SUPPLIED INFORMATION -
□ □ □

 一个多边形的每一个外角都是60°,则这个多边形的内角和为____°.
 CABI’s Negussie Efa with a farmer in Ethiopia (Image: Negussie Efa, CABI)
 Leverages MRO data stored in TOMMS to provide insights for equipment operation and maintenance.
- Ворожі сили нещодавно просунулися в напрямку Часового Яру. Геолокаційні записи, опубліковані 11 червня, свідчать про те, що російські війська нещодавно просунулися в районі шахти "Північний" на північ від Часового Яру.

□ □ □

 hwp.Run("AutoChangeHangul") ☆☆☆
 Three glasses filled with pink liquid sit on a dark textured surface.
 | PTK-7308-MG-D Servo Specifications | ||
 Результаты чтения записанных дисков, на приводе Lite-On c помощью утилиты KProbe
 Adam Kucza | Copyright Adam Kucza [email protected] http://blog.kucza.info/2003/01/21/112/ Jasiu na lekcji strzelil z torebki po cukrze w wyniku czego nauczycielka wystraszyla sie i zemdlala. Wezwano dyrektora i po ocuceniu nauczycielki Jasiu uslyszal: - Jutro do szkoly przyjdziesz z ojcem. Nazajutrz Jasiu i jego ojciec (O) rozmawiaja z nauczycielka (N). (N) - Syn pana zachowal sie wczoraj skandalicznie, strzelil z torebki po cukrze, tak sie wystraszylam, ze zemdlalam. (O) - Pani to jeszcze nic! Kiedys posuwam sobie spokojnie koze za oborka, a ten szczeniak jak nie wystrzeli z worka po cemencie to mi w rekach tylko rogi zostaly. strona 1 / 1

□ □ □

ACTIVITY - Tally the lines of the data that contain the string "with" and report the total alone.

EXERCISE ANSWER - 2